- [Source data]:
--- START ---

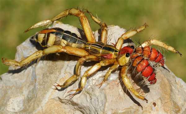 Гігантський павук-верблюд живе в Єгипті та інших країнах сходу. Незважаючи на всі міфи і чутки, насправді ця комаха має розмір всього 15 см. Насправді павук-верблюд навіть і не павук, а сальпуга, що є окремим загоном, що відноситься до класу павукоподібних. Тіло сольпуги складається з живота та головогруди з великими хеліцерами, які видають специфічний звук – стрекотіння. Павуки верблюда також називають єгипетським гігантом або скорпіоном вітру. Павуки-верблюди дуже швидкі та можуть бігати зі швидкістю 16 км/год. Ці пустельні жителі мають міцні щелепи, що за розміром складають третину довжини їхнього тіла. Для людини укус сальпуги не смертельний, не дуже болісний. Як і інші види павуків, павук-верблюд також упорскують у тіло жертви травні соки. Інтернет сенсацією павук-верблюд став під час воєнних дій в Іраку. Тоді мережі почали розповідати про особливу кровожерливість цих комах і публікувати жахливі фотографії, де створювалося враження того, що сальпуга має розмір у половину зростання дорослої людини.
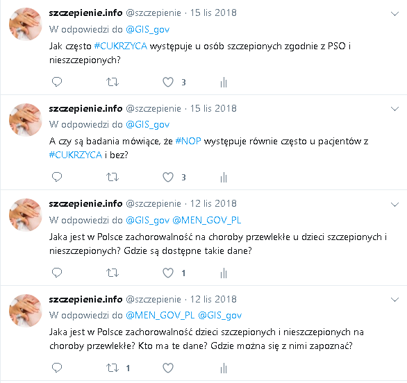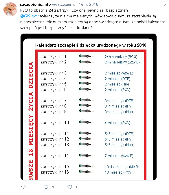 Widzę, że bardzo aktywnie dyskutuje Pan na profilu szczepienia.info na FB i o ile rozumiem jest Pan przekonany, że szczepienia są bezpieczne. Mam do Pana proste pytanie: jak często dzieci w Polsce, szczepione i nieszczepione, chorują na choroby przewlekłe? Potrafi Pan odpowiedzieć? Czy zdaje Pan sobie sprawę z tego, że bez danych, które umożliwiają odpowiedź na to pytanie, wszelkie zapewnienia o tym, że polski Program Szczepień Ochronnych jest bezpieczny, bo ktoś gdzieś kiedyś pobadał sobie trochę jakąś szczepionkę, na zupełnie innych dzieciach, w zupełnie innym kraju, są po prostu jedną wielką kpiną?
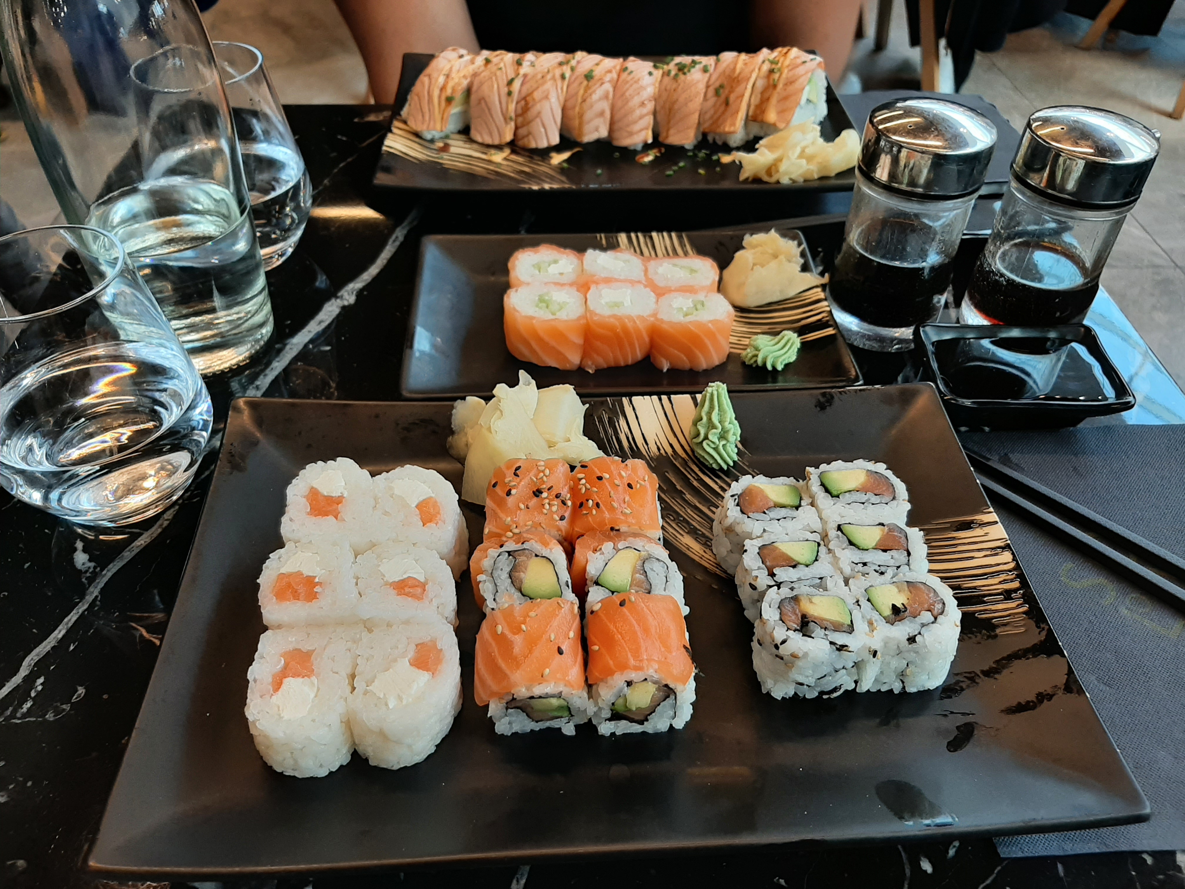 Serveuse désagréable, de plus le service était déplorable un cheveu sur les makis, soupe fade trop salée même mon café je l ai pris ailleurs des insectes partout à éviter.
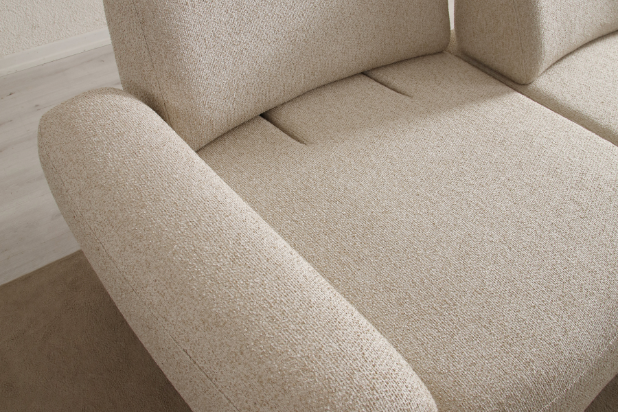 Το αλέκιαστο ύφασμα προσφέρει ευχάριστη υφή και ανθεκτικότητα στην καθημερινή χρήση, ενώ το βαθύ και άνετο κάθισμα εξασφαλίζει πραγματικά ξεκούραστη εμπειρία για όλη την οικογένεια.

--- END ---

None of the pictures should appear, though every line of the data above must be reproduced exactly.

- [Solved exercise]:
 Гігантський павук-верблюд живе в Єгипті та інших країнах сходу. Незважаючи на всі міфи і чутки, насправді ця комаха має розмір всього 15 см. Насправді павук-верблюд навіть і не павук, а сальпуга, що є окремим загоном, що відноситься до класу павукоподібних. Тіло сольпуги складається з живота та головогруди з великими хеліцерами, які видають специфічний звук – стрекотіння. Павуки верблюда також називають єгипетським гігантом або скорпіоном вітру. Павуки-верблюди дуже швидкі та можуть бігати зі швидкістю 16 км/год. Ці пустельні жителі мають міцні щелепи, що за розміром складають третину довжини їхнього тіла. Для людини укус сальпуги не смертельний, не дуже болісний. Як і інші види павуків, павук-верблюд також упорскують у тіло жертви травні соки. Інтернет сенсацією павук-верблюд став під час воєнних дій в Іраку. Тоді мережі почали розповідати про особливу кровожерливість цих комах і публікувати жахливі фотографії, де створювалося враження того, що сальпуга має розмір у половину зростання дорослої людини.
 Widzę, że bardzo aktywnie dyskutuje Pan na profilu szczepienia.info na FB i o ile rozumiem jest Pan przekonany, że szczepienia są bezpieczne. Mam do Pana proste pytanie: jak często dzieci w Polsce, szczepione i nieszczepione, chorują na choroby przewlekłe? Potrafi Pan odpowiedzieć? Czy zdaje Pan sobie sprawę z tego, że bez danych, które umożliwiają odpowiedź na to pytanie, wszelkie zapewnienia o tym, że polski Program Szczepień Ochronnych jest bezpieczny, bo ktoś gdzieś kiedyś pobadał sobie trochę jakąś szczepionkę, na zupełnie innych dzieciach, w zupełnie innym kraju, są po prostu jedną wielką kpiną?
 Serveuse désagréable, de plus le service était déplorable un cheveu sur les makis, soupe fade trop salée même mon café je l ai pris ailleurs des insectes partout à éviter.
 Το αλέκιαστο ύφασμα προσφέρει ευχάριστη υφή και ανθεκτικότητα στην καθημερινή χρήση, ενώ το βαθύ και άνετο κάθισμα εξασφαλίζει πραγματικά ξεκούραστη εμπειρία για όλη την οικογένεια.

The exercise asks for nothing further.